Avec Francis Hallé, un botaniste forestier reconnu, qui a participé au Radeau des Cimes (une opération d’observation de la cime des arbres des forêts primaires), nous appelons ça des “plantations d’arbres”. Ce n’est absolument pas comparable avec des forêts naturelles. Si vous allez en Biélorussie ou en Pologne, il y a un massif forestier encore à peu près intact – une forêt primaire – mais c’est très rare. Francis Hallé est en train d’essayer de créer une forêt qui va vieillir petit à petit et qui deviendrait naturelle, mais pour créer une forêt naturelle, il faut 5 à 10 siècles. C’est énorme. Il faut que la nature reprenne ses droits.
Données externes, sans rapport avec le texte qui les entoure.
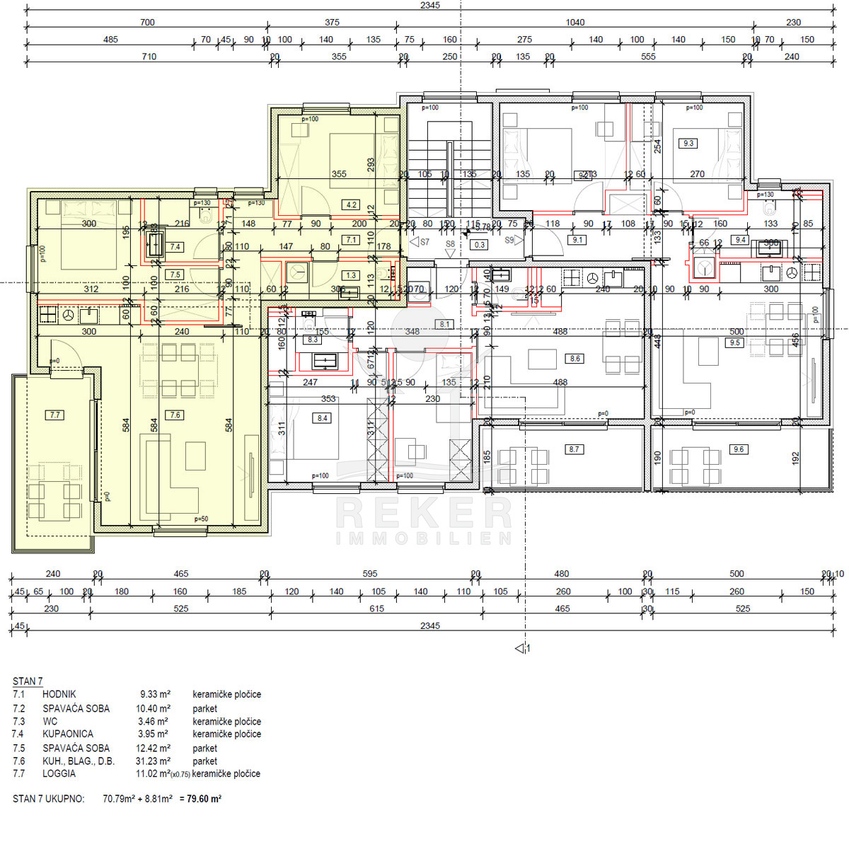 Genießen Sie die überdachte Loggia mit 9 m², ideal für entspannte Stunden im Freien. Die Dachterrasse von 80 m² ist der perfekte Aufenthaltsort, um die Freizeit zu verbringen und den herrlichen Meerblick zu bewundern. Hier erleben Sie unvergessliche Momente unter freiem Himmel.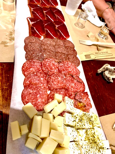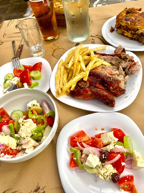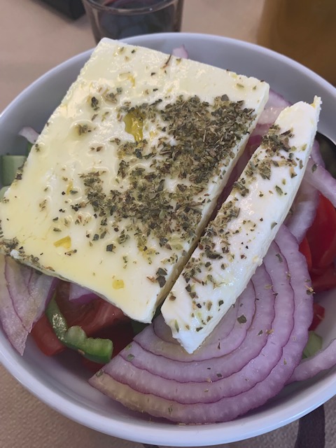 After the olives, we stopped at a quaint local restaurant where we sat in the small back room and Julia made us simple, homemade tzatziki: full fat Greek yogurt, red wine vinegar, garlic and olive oil. We ate it atop a grilled Greek bread called lathobrekto that is a bit like a thick, square crostini with a distinct olive oil flavor. We also tried local red and white table wines that one could commonly find in Greek homes. The restaurant served us a generous charcuterie board of cured meats: pork and lamb salami along with a dried beef that is coated in spices and then air dried called bastruma or pastrima (a cousin of pastrami that is neither cooked or smoked). It’s distinctly bright red, hard casing looks a bit like wax but is not and really packs in the flavor. We also had feta and graviera (Greek gruyère) and learned that true feta can only be of Greek origin and made with at least 70% sheeps milk and can have up to 30% goat’s milk), otherwise it is not feta. It can be called feta-style or Greek-style cheese but true feta meets the origin and milk criteria (and a few others) set by the EU after Greece petitioned them to do so.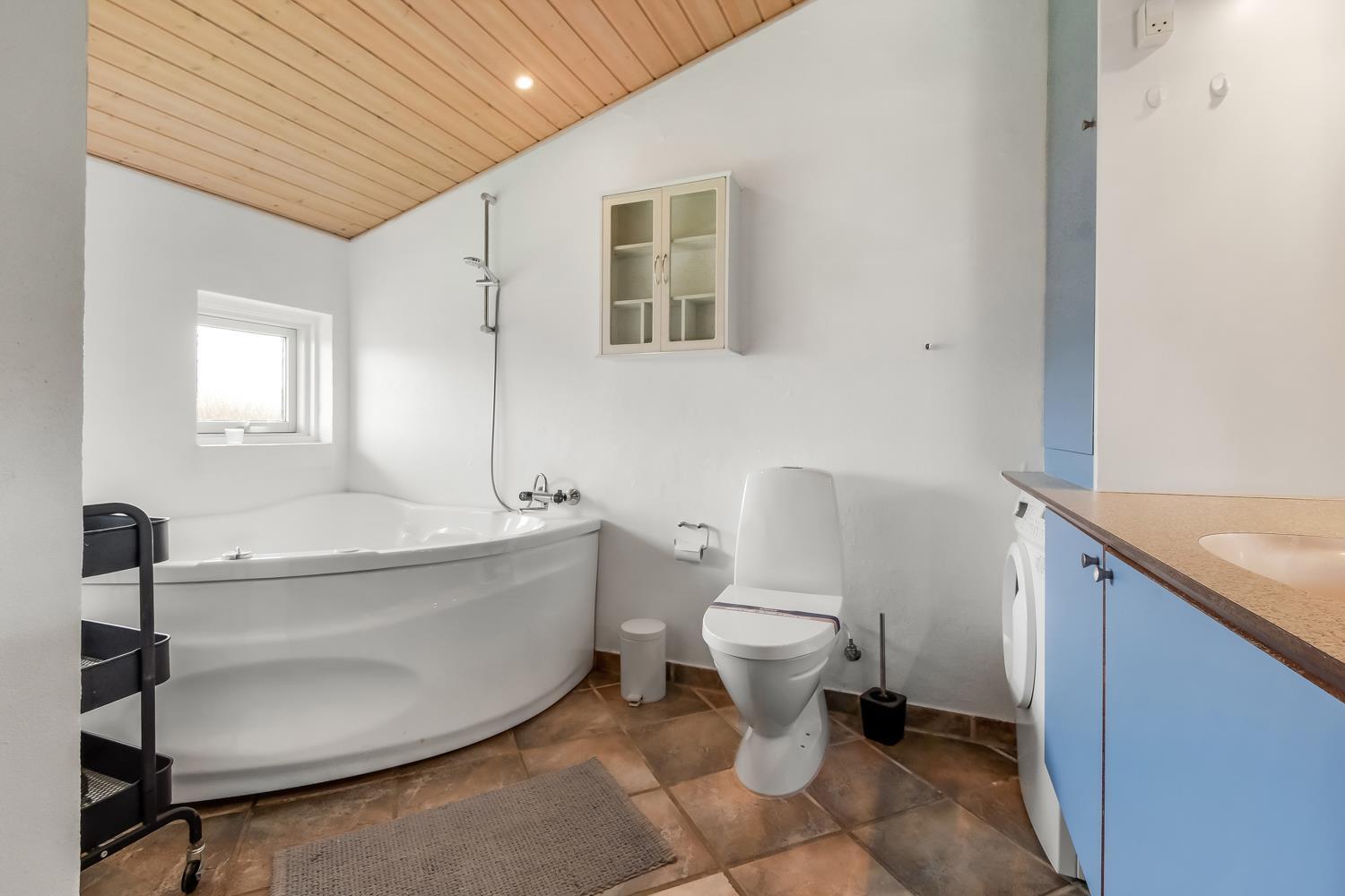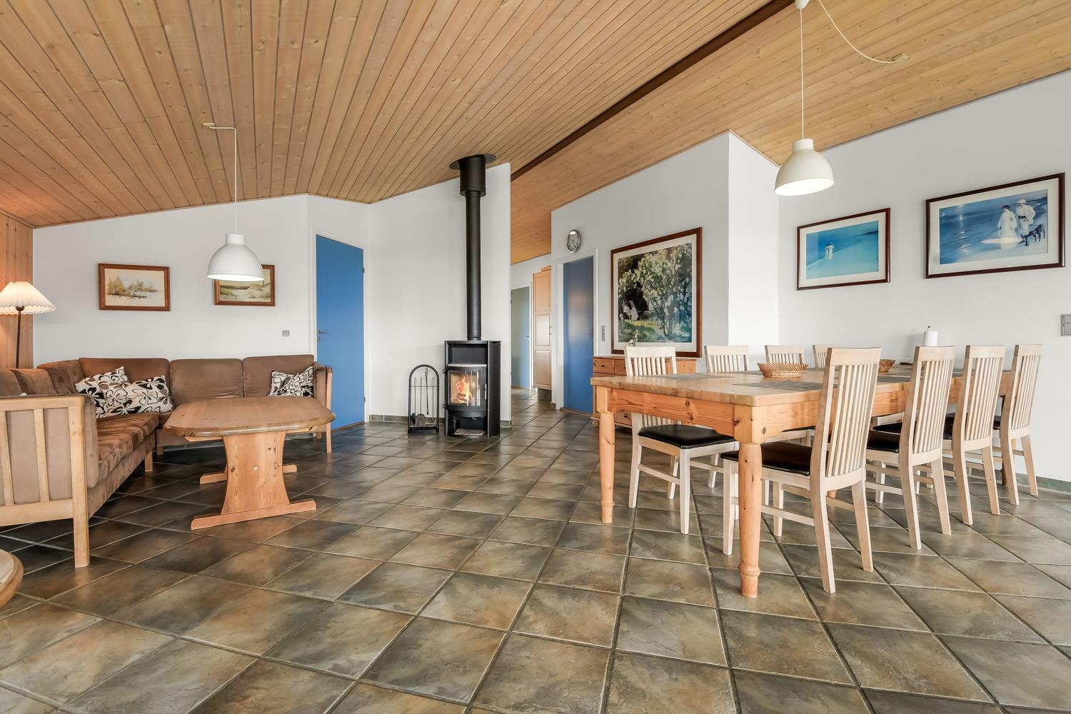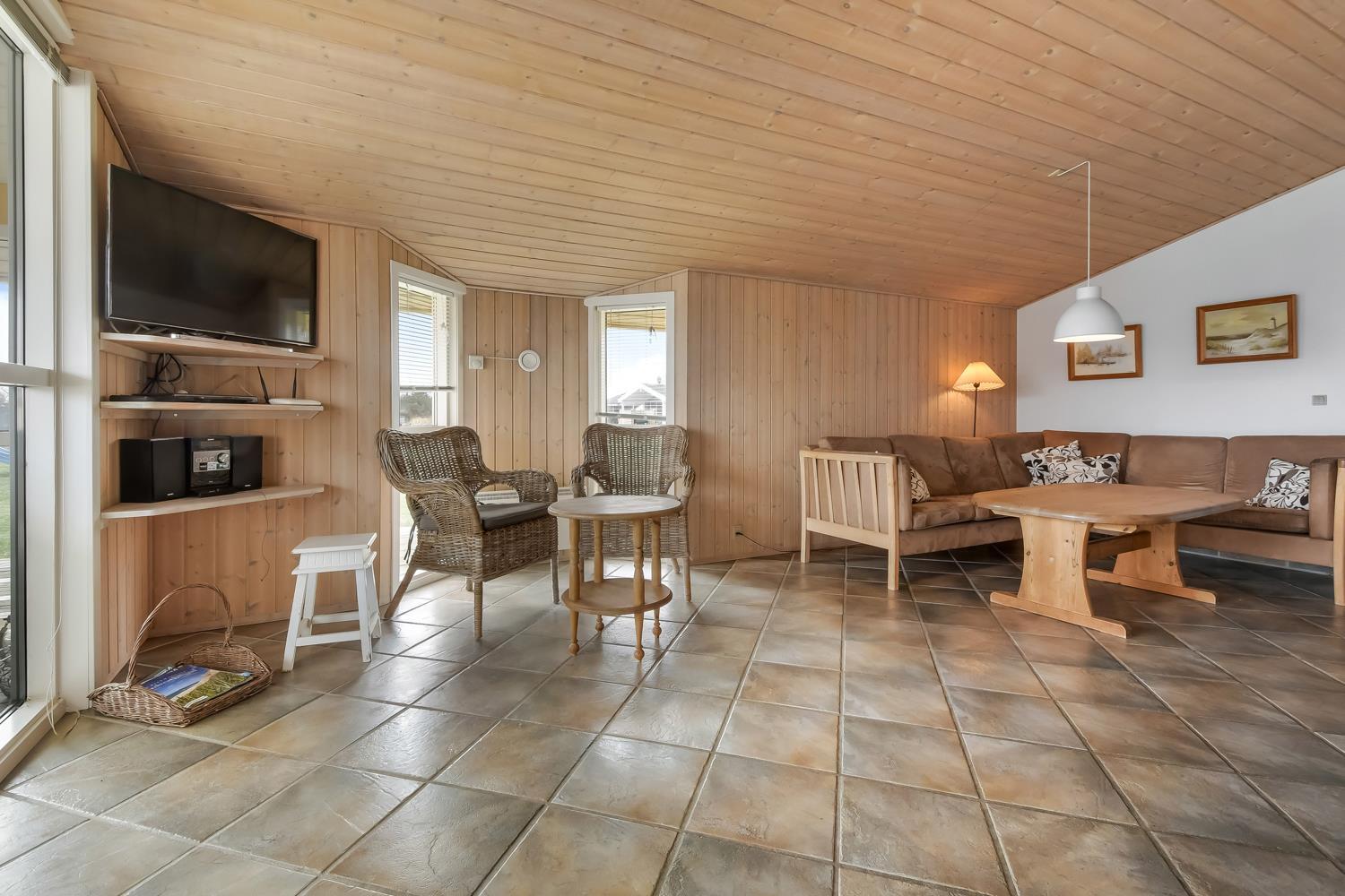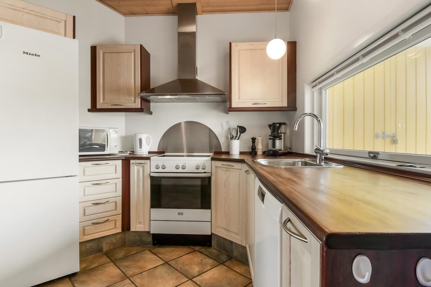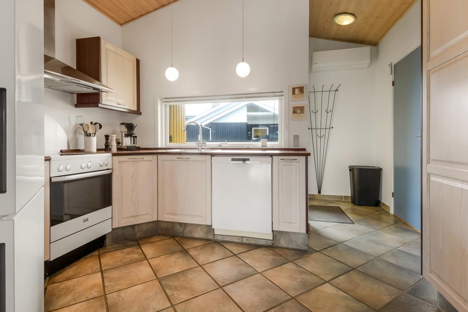 Die 115 m² große Wohnfläche ist wunderschön dekoriert und mit Fliesenboden in allen Aufenthaltsräumen. 4 gute Schlafräume: 1DB + 1DB + 2B + 2B mit Holzboden. Fühlen Sie sich wohl in dem Wohnraum mit Polstermöbeln, TV mit dänischen und deutschen Programmen, DVD/CD/Radio, Esstisch und einem schönen Kaminofen. Schöne und stilvoll ausgestattete Küchenecke mit Herd mit Cerankochfeld, Abzugshaube, Mikrowelle, Geschirrspüler, Kühlschrank mit Gefrierfach und alles an Geschirr und Kochgeschirr. Tolles Badezimmer mit allem, was das Herz begehrt. Hier gibt es Toilette, Waschbecken, eine gemauerte Duschnische, Waschmaschine, Trockner, Whirlpool und einem direkten Zugang zur Sauna, Fliesenboden mit Fussbodenheizung. Extra Badezimmer mit Toilette, Waschbecken und Fliesenboden mit Fussbodenheizung. Kinderstuhl und Kinderbett für die Kinder. Max. 1 Haustier ist erlaubt. Nichtraucher-Haus.
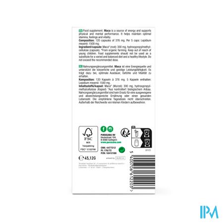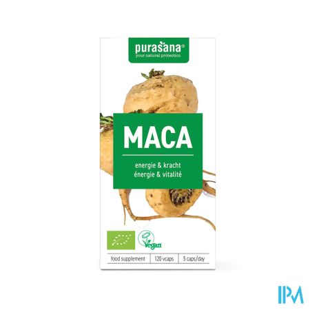 Purasana Maca 300mg Bio V-caps 120 is een voedingssupplement, verkrijgbaar in uw buurtapotheek of online apotheek. Neem niet meer dan de aanbevolen dagelijkse dosis vermeld op de verpakking. Het vervangt geen gezonde levensstijl en gevarieerde en evenwichtige voeding. Vraag raad aan uw apotheker. Het product altijd buiten het bereik van kinderen houden.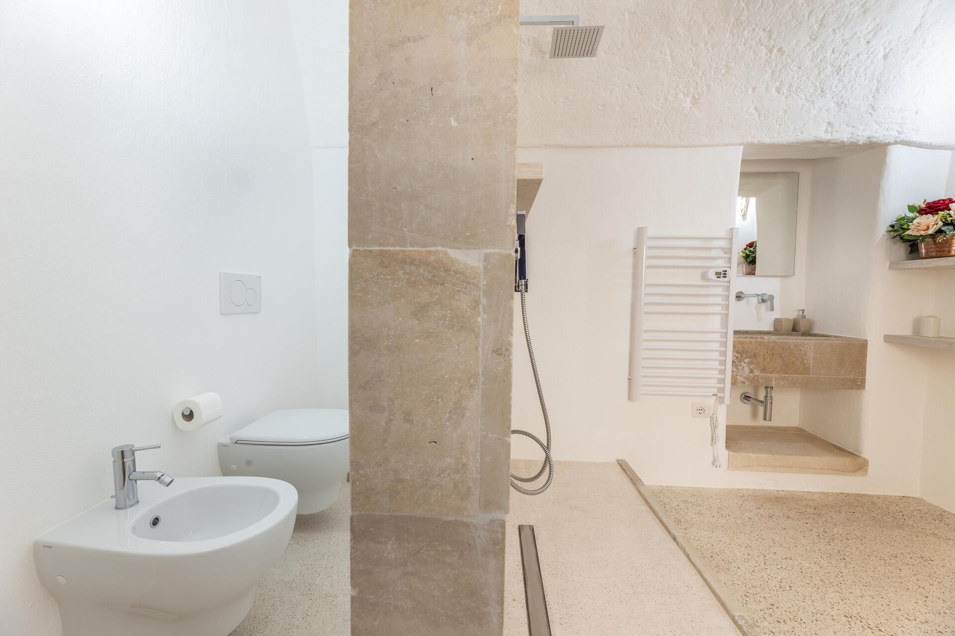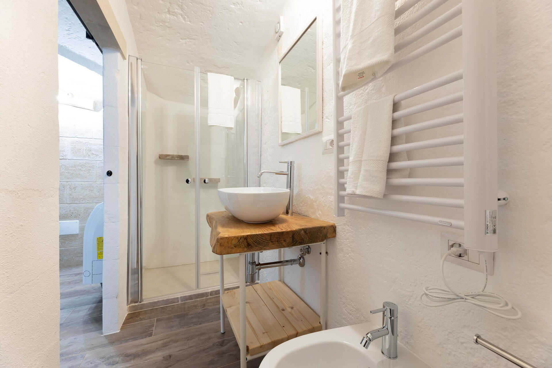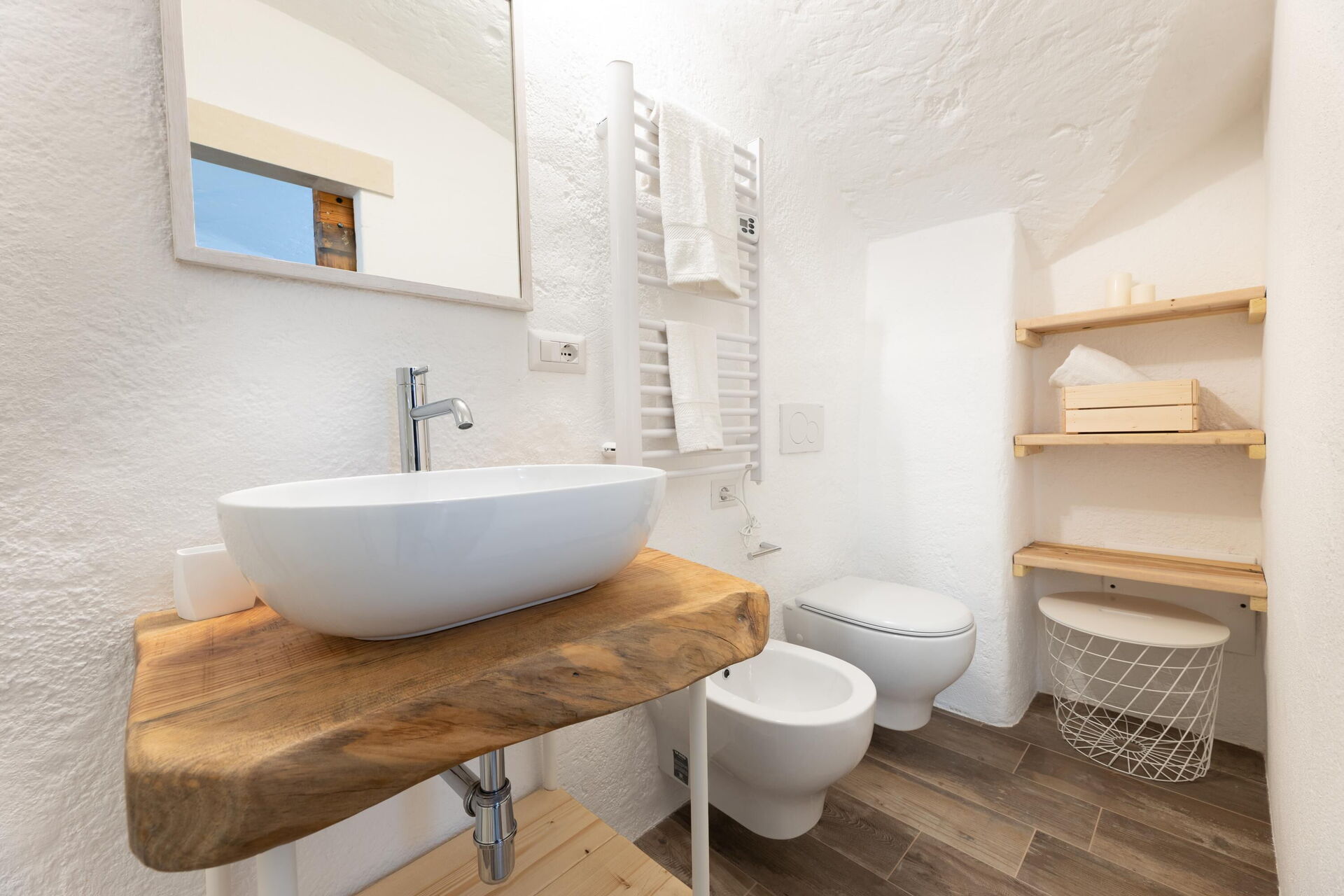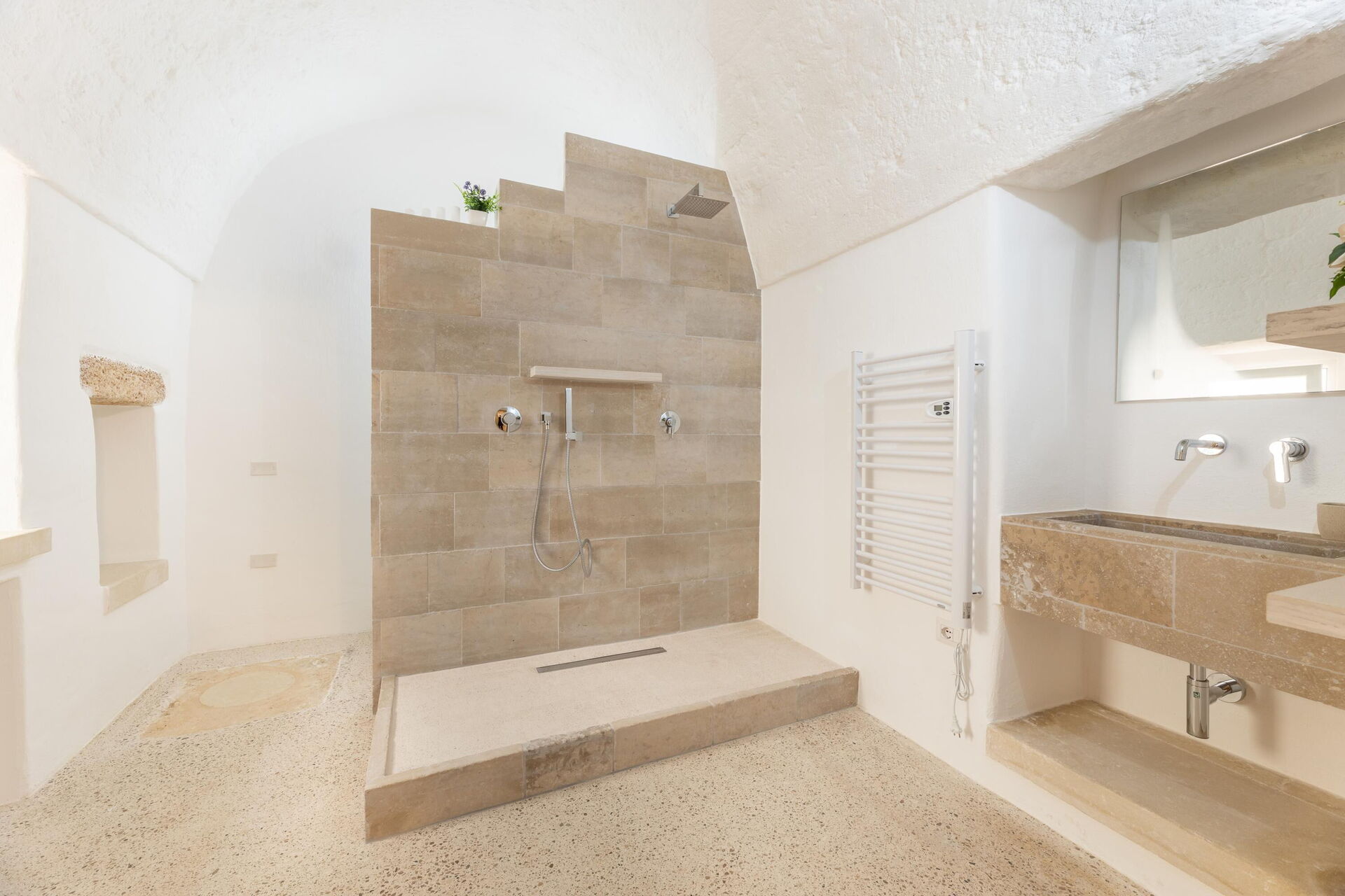 Het interieur van deze vakantiewoning in Puglia is voorzien van hout en steen, traditionele materialen uit Salento. De witte kleur, gewelfde plafonds en stenen aan de muur geven je het gevoel dat je in een traditioneel landhuis bent, ook al ben je midden in het stadscentrum.

Il faudrait, on est beaucoup à le dire, laisser au moins 20 % de la superficie de la planète à la nature. On aurait encore 80 % pour nous, ça nous semble un équilibre juste.

Forêt en Pologne © A. G. Brugeron

Quand on lit « issu de forêt gérées durablement » par exemple pour le papier, c’est donc issu de ces forets de plantations ? Qu’est-ce qu’il faut en penser du coup ?

Roland Albignac : On est obligés de faire des forêts de plantation, des forêts de reboisement. Je ne les blâme pas. Je les condamne seulement quand elles se font au détriment de la forêt naturelle. C’est un problème d’équilibre et de zonage.

Après la conférence de Stockholm en 1992, l’Unesco a créé un programme, le programme MAB (Man and biosphere : l’homme et la biosphère) qui repose sur un système de ce type. On crée une zone, un noyau dur de protection totale, avec autour des zones tampons, et plus élargie, une zone d’action, de développement, mais durable. Cela permet de créer des noyaux durs de protection, où la nature ne doit subir aucune intervention humaine. La nature sait mieux faire que l’homme. Vous avez vu le virus du Covid, comment il varie en permanence ? Il s’adapte sans cesse… La nature sait faire.

En tout cas, la lecture de votre livre a remis en cause pas mal d’idées reçues que je pouvais avoir sur l’écologie.

Roland Albignac : C’est le plus beau compliment que vous pouviez me faire ! C’est très gratifiant, parce que si j’ai pu vous convaincre, vous, j’espère que j’en ai convaincu plusieurs. Je regrette que des gens comme René Dumont justement n’aient pas été davantage écoutés à l’époque. Le gros problème c’est qu’il faut que les États aient une vision globale, qu’il y ait un arbitrage entre l’économique, le social et l’environnemental au niveau des pays.

À l’échelle mondiale, il faudrait une structure beaucoup plus performante que l’actuel programme des Nations Unies pour l’environnement, le PNUE, avec plutôt une organisation du type OMC (l’Organisation mondiale du commerce). C’est-à-dire une structure d’arbitrage très forte entre les trois piliers du développement durable (l’économie, le sociétal et l’environnemental), et dotée de moyens équivalents à l’OMC sur le plan financier et de l’expertise scientifique. La recherche est beaucoup trop orientée, elle met des œillères, elle voit de plus en plus petit. Il faudrait de temps en temps – j’appelle ça l’effet zoom – revenir à une vision plus générale, pour ensuite restituer le détail, pour savoir comment le détail fonctionne par rapport au général.